On this day in 2005 ZimOnline carried a sad story about four journalists who had been sacked ironically on World Press Day. Below is the story as we reflect on the media situation in Zimbabwe amid hopes of the liberalisation of the airwaves and the end to attacks on the private press and its journalists. In the formation of a coalition government arch rivals Robert Mugabe and Morgan Tsvangirai agreed to the freedom of the press and as media practitioners we look forward to a free Zimbabwean press.
Media organisations have been shut down while journalists have been arrested on trumped up charges of undermining state security while those that are fortunate to be employed earn pathetic salaries and when they raise their voices they are fired. For an unemployed journo there is no hope in Zimbabwe because the media space remains closed because of laws like Access to Information and Protection of Privacy Act (AIPPA), Broadcasting Services Act (BSA), Public Order and security Act (POSA) which curtail media development.
FOUR JOURNALISTS FIRED ON WORLD PRESS FREEDOM DAY
Wed 4 May 2005
BULAWAYO - Four journalists were yesterday dismissed from their jobs in Zimbabwe's second biggest city Bulawayo in a row over non-payment of salaries.
The four, who worked for the Bulawayo-based sports magazine Half-Time, are editor of the magazine Laddington Sadambura, deputy editor Takunda Ndaabare, and two reporters Simbarashe Nembaware and Tsungirirai Tsikira.

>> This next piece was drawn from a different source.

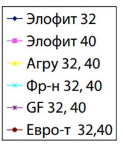 Для патрубков — отводов диаметром 32 и 40 мм наименьшее относительное падение давления газа наблюдается у седловых отводов производства фирмы «Георг Фишер». Для них относительное падение давления газа на диаметре основного трубопровода 63 мм примерно в полтора раза меньше, чем для седловых отводов марки «Элофит». Однако с увеличением диаметра основного трубопровода до 250 мм показатели относительного падения давления газа всех производителей возрастают и становятся близки по значению, в диапазоне 0,27–0,29.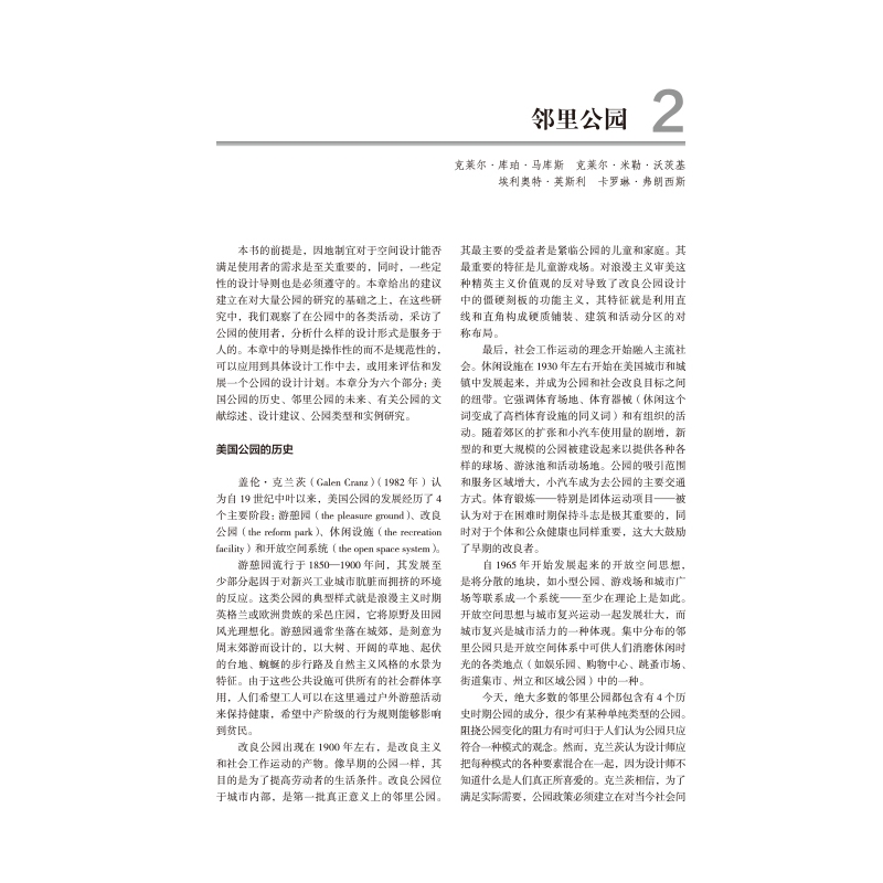 克萊爾庫柏馬庫斯(Clare Cooper Marcus):世界知名景觀設計師、加州大學風景園林系及建築系榮譽教授。共同創辦了顧問設計公司,為設計公司提供使用者需求分析服務。曾撰寫多本關於公共開放空間設計的理論著作,並獲得美國底特律自由新聞年度圖書大獎、美國風景園林師協會交流優異獎等。

They were dismissed - ironically as Zimbabwe joined the rest of the world in marking World Press Freedom Day yesterday - after downing their pens last Friday in a desperate bid to pressure management to pay salaries which they had not been paid for the last three months.
The journalists were instead summarily dismissed without a hearing in a development that vividly illustrates how Zimbabwean journalists have lost rights because of President Robert Mugabe's repressive media laws and have also lost out on the shop floor after the government's closure of several newspapers including the country's biggest paper, the Daily News.
With so many highly qualified but jobless journalists on the streets, employers can literally hire and fire their editorial staff willy-nilly. One of the dismissed journalists, Nembaware said: "It's very sad that employers can take advantage of their positions and abuse journalists like this. It is a clarion call for all journalists to unite and fight for their rights," said Nembaware.
A senior official at the magazine, Paul Dube, confirmed the dismissal saying some were fired for incompetence. "Some were fired, yes, but two of them resigned because they said they could not bear it going for more months or days without pay," said Dube.
Zimbabwe is rated among the worst countries for journalists together with Iran and the former Soviet republic of Uzbekistan.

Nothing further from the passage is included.